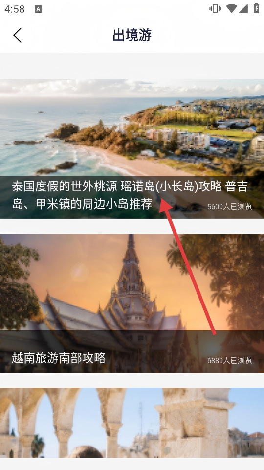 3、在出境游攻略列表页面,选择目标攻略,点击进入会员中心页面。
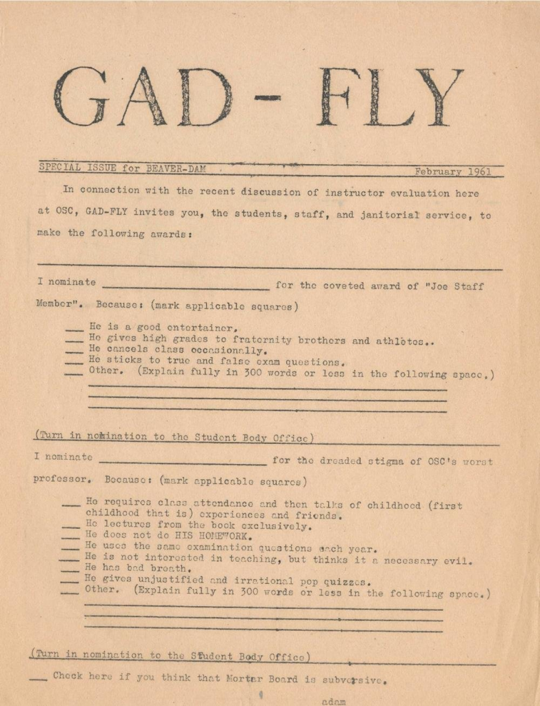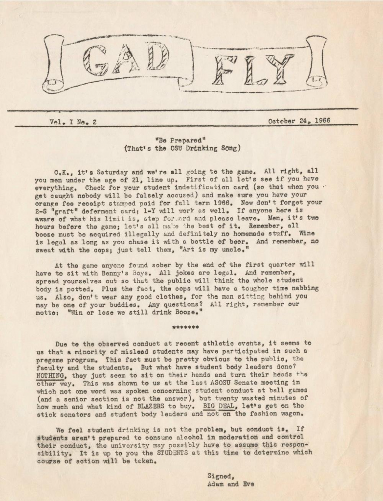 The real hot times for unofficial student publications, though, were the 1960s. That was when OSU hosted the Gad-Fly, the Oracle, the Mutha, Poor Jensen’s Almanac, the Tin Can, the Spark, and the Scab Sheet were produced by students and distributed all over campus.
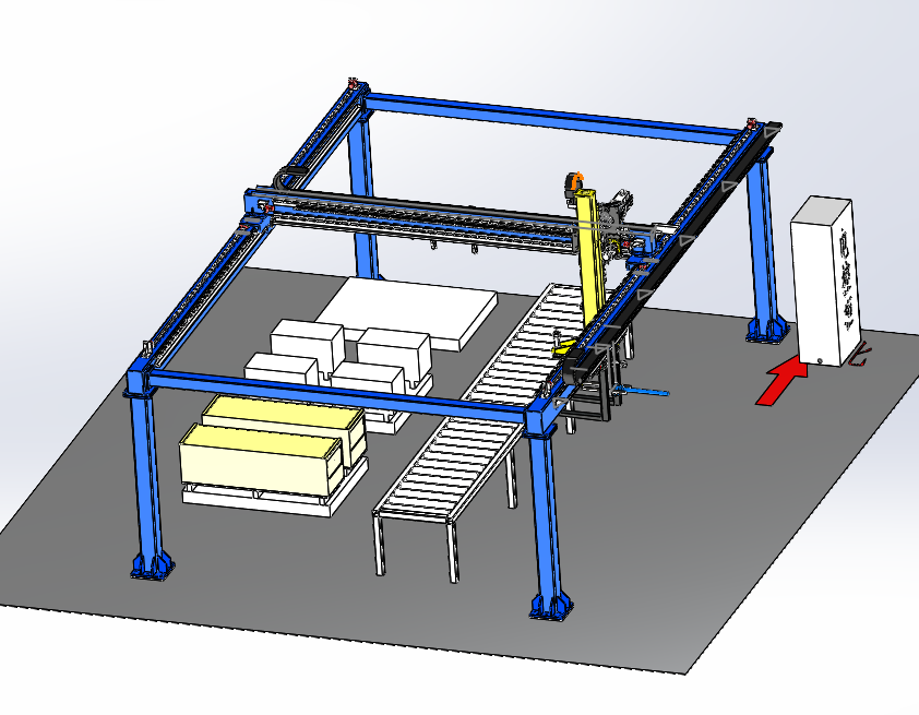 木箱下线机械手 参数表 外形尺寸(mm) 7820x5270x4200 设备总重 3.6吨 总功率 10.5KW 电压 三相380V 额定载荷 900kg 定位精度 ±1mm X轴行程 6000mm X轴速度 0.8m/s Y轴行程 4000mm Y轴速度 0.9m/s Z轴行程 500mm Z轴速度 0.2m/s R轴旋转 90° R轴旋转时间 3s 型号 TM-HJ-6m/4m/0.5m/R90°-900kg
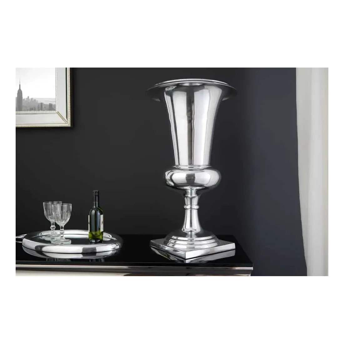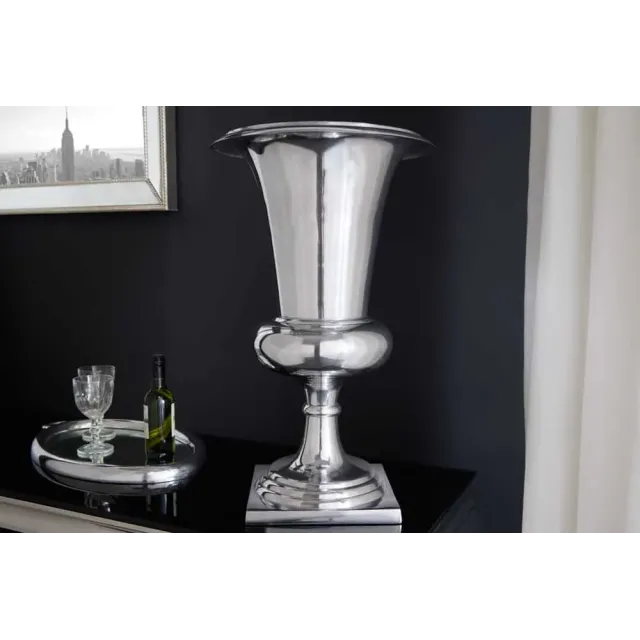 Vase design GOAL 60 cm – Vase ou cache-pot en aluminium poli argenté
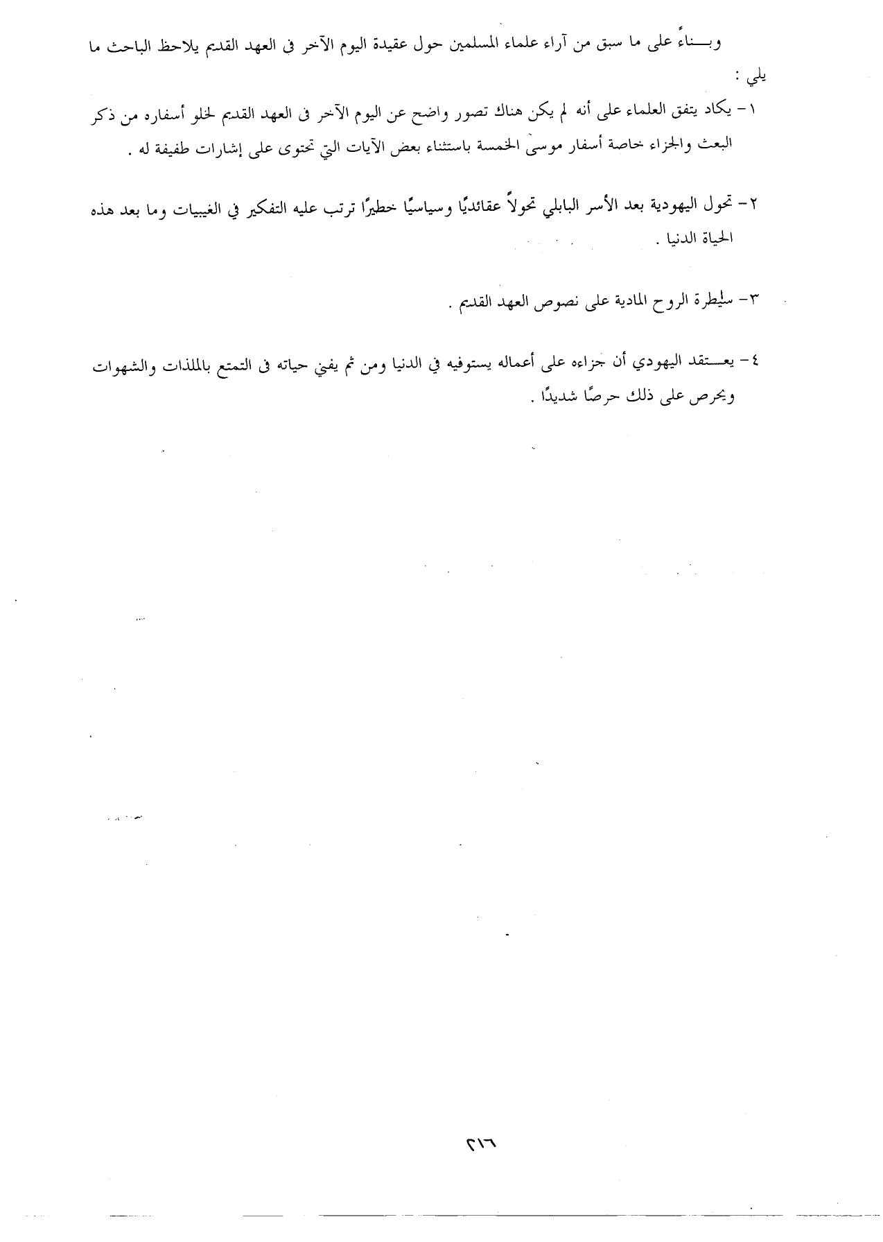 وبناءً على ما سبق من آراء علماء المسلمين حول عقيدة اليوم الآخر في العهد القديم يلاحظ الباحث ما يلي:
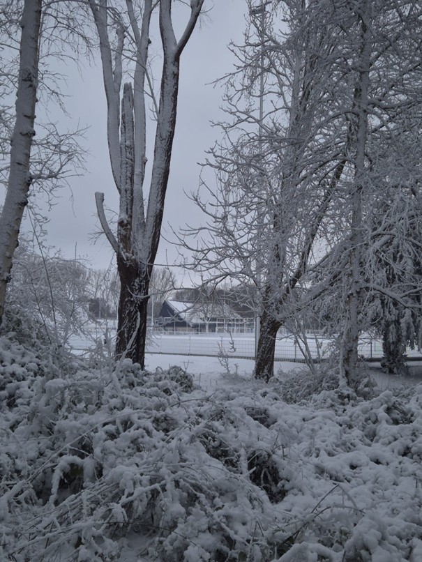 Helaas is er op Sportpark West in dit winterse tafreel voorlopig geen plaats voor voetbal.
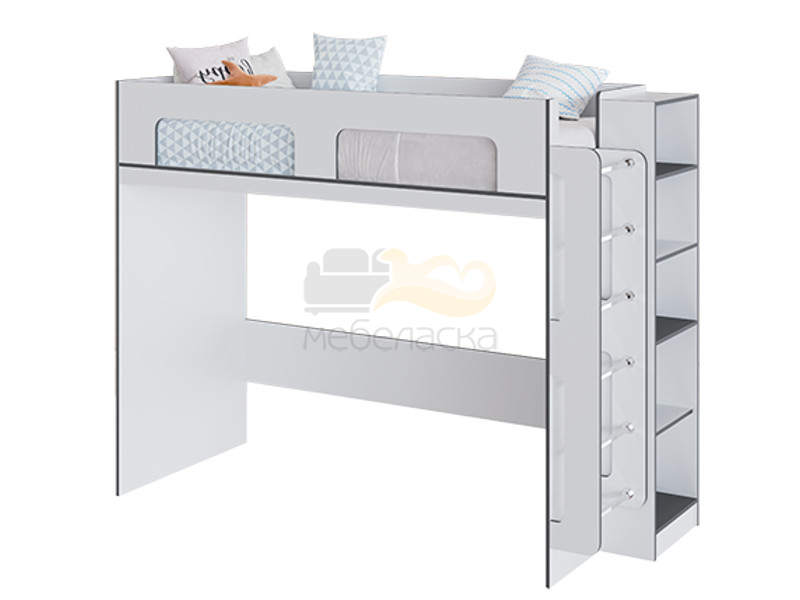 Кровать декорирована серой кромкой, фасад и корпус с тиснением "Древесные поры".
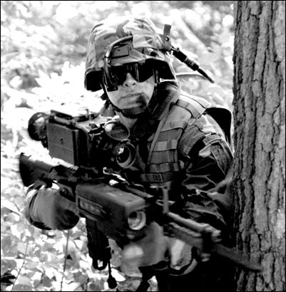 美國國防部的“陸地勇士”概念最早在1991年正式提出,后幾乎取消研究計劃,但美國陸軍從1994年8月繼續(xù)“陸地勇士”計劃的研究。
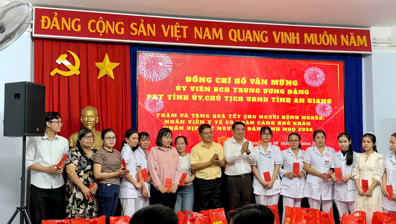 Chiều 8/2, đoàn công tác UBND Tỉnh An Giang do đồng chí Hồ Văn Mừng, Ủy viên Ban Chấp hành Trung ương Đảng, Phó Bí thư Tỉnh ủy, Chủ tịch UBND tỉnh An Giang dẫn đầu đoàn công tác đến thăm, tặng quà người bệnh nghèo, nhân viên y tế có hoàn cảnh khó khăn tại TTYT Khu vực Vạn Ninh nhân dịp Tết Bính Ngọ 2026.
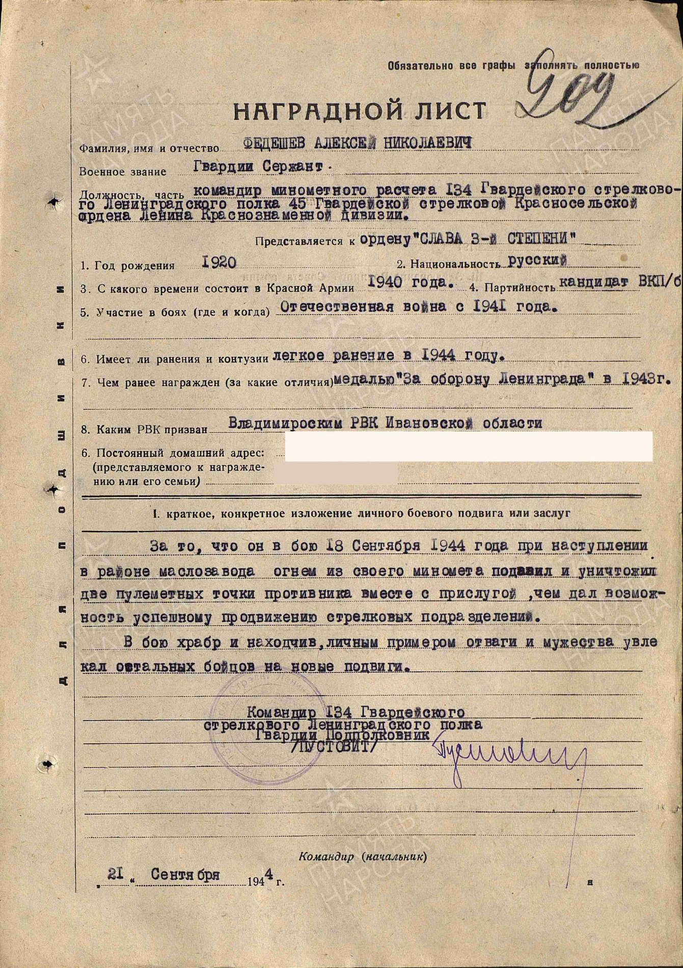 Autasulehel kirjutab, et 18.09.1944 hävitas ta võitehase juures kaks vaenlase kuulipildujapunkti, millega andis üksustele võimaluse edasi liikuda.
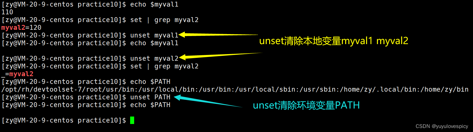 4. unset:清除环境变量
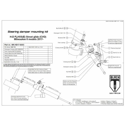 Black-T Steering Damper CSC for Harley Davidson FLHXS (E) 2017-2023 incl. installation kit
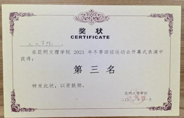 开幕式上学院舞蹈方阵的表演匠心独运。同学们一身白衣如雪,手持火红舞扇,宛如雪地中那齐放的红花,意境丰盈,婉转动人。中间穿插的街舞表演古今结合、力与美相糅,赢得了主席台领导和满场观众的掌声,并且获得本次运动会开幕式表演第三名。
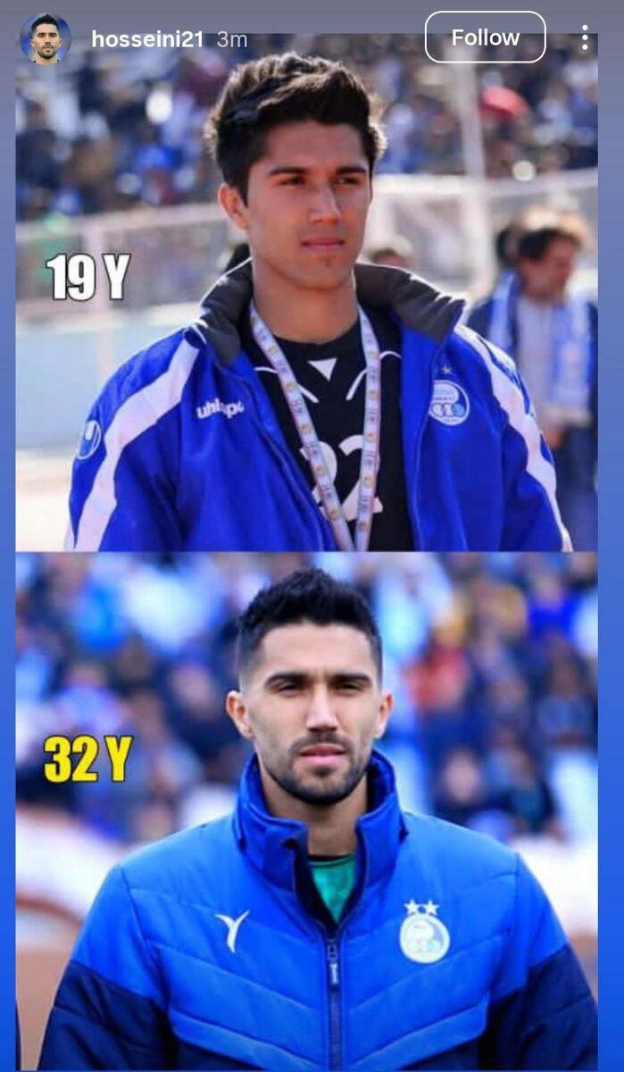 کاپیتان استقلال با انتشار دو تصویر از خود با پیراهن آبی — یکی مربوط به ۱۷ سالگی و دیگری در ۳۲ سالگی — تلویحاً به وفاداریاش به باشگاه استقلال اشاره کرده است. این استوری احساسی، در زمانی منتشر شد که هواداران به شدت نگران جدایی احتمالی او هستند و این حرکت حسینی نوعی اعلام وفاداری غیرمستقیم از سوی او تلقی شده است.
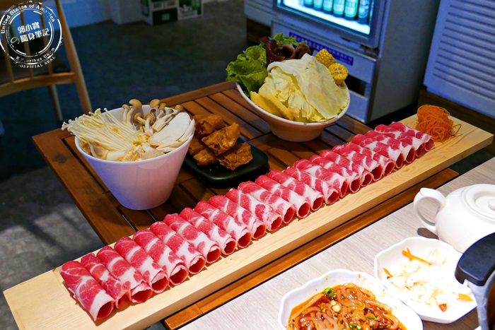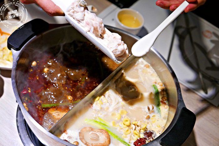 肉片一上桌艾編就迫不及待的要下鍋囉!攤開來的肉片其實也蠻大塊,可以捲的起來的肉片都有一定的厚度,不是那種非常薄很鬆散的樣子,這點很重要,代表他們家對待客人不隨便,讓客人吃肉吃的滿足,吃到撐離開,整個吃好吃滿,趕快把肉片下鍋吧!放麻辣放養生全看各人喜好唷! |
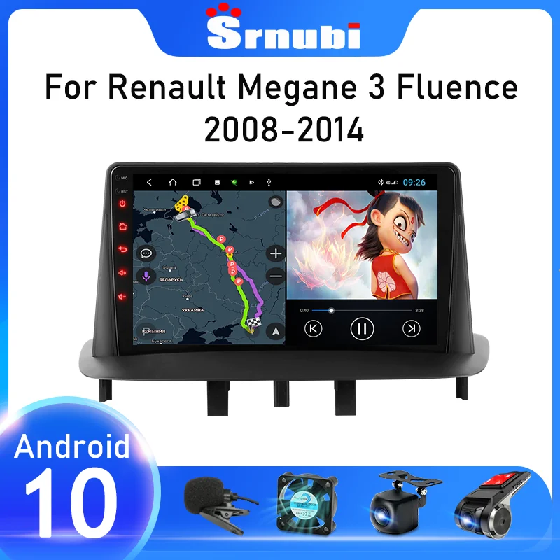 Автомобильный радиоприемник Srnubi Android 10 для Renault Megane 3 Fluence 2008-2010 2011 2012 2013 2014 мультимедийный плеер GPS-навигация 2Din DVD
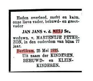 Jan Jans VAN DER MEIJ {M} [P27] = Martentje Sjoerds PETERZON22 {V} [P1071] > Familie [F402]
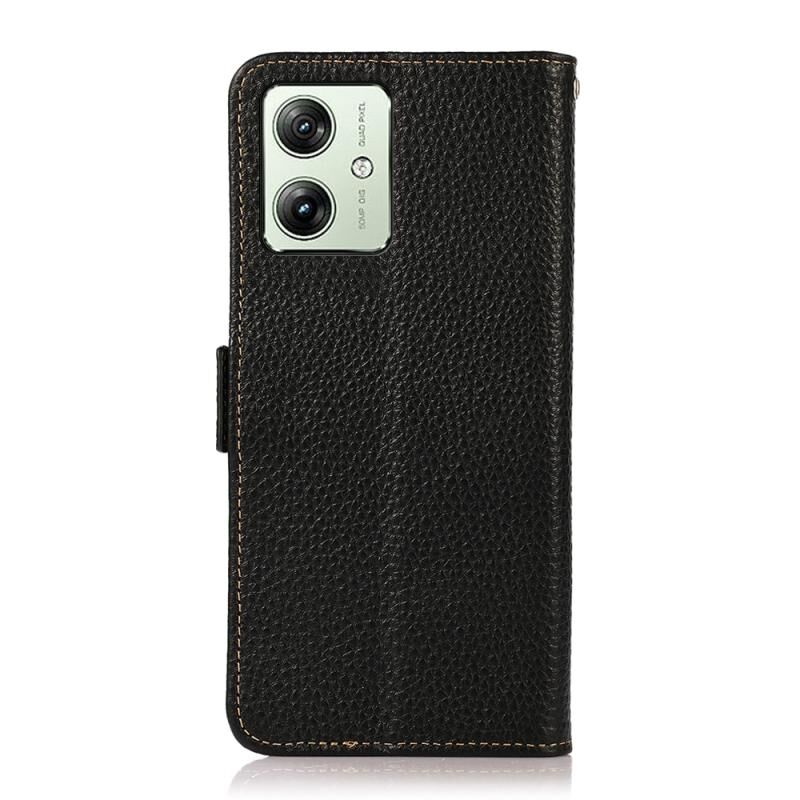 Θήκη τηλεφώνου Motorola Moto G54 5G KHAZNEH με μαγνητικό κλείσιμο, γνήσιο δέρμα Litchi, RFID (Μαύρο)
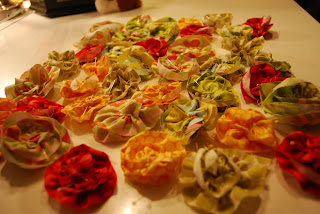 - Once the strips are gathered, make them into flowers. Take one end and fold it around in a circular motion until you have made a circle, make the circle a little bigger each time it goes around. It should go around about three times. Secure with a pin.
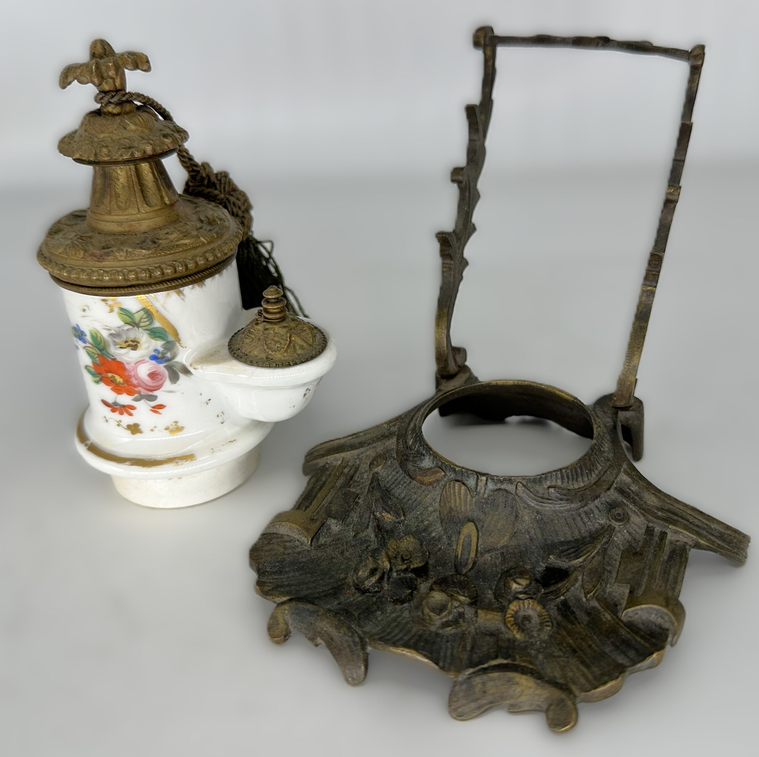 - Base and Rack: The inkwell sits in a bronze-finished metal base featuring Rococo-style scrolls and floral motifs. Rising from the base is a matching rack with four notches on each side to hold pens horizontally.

════════

### Exercise goal
Should any entry above carry a picture, omit it and repeat everything else word for word.

### Task answer
 3、在出境游攻略列表页面,选择目标攻略,点击进入会员中心页面。
 The real hot times for unofficial student publications, though, were the 1960s. That was when OSU hosted the Gad-Fly, the Oracle, the Mutha, Poor Jensen’s Almanac, the Tin Can, the Spark, and the Scab Sheet were produced by students and distributed all over campus.
 木箱下线机械手 参数表 外形尺寸(mm) 7820x5270x4200 设备总重 3.6吨 总功率 10.5KW 电压 三相380V 额定载荷 900kg 定位精度 ±1mm X轴行程 6000mm X轴速度 0.8m/s Y轴行程 4000mm Y轴速度 0.9m/s Z轴行程 500mm Z轴速度 0.2m/s R轴旋转 90° R轴旋转时间 3s 型号 TM-HJ-6m/4m/0.5m/R90°-900kg
 Vase design GOAL 60 cm – Vase ou cache-pot en aluminium poli argenté
 وبناءً على ما سبق من آراء علماء المسلمين حول عقيدة اليوم الآخر في العهد القديم يلاحظ الباحث ما يلي:
 Helaas is er op Sportpark West in dit winterse tafreel voorlopig geen plaats voor voetbal.
 Кровать декорирована серой кромкой, фасад и корпус с тиснением "Древесные поры".
 美國國防部的“陸地勇士”概念最早在1991年正式提出,后幾乎取消研究計劃,但美國陸軍從1994年8月繼續(xù)“陸地勇士”計劃的研究。
 Chiều 8/2, đoàn công tác UBND Tỉnh An Giang do đồng chí Hồ Văn Mừng, Ủy viên Ban Chấp hành Trung ương Đảng, Phó Bí thư Tỉnh ủy, Chủ tịch UBND tỉnh An Giang dẫn đầu đoàn công tác đến thăm, tặng quà người bệnh nghèo, nhân viên y tế có hoàn cảnh khó khăn tại TTYT Khu vực Vạn Ninh nhân dịp Tết Bính Ngọ 2026.
 Autasulehel kirjutab, et 18.09.1944 hävitas ta võitehase juures kaks vaenlase kuulipildujapunkti, millega andis üksustele võimaluse edasi liikuda.
 4. unset:清除环境变量
 Black-T Steering Damper CSC for Harley Davidson FLHXS (E) 2017-2023 incl. installation kit
 开幕式上学院舞蹈方阵的表演匠心独运。同学们一身白衣如雪,手持火红舞扇,宛如雪地中那齐放的红花,意境丰盈,婉转动人。中间穿插的街舞表演古今结合、力与美相糅,赢得了主席台领导和满场观众的掌声,并且获得本次运动会开幕式表演第三名。
 کاپیتان استقلال با انتشار دو تصویر از خود با پیراهن آبی — یکی مربوط به ۱۷ سالگی و دیگری در ۳۲ سالگی — تلویحاً به وفاداریاش به باشگاه استقلال اشاره کرده است. این استوری احساسی، در زمانی منتشر شد که هواداران به شدت نگران جدایی احتمالی او هستند و این حرکت حسینی نوعی اعلام وفاداری غیرمستقیم از سوی او تلقی شده است.
 肉片一上桌艾編就迫不及待的要下鍋囉!攤開來的肉片其實也蠻大塊,可以捲的起來的肉片都有一定的厚度,不是那種非常薄很鬆散的樣子,這點很重要,代表他們家對待客人不隨便,讓客人吃肉吃的滿足,吃到撐離開,整個吃好吃滿,趕快把肉片下鍋吧!放麻辣放養生全看各人喜好唷! |
 Автомобильный радиоприемник Srnubi Android 10 для Renault Megane 3 Fluence 2008-2010 2011 2012 2013 2014 мультимедийный плеер GPS-навигация 2Din DVD
 Jan Jans VAN DER MEIJ {M} [P27] = Martentje Sjoerds PETERZON22 {V} [P1071] > Familie [F402]
 Θήκη τηλεφώνου Motorola Moto G54 5G KHAZNEH με μαγνητικό κλείσιμο, γνήσιο δέρμα Litchi, RFID (Μαύρο)
 - Once the strips are gathered, make them into flowers. Take one end and fold it around in a circular motion until you have made a circle, make the circle a little bigger each time it goes around. It should go around about three times. Secure with a pin.
 - Base and Rack: The inkwell sits in a bronze-finished metal base featuring Rococo-style scrolls and floral motifs. Rising from the base is a matching rack with four notches on each side to hold pens horizontally.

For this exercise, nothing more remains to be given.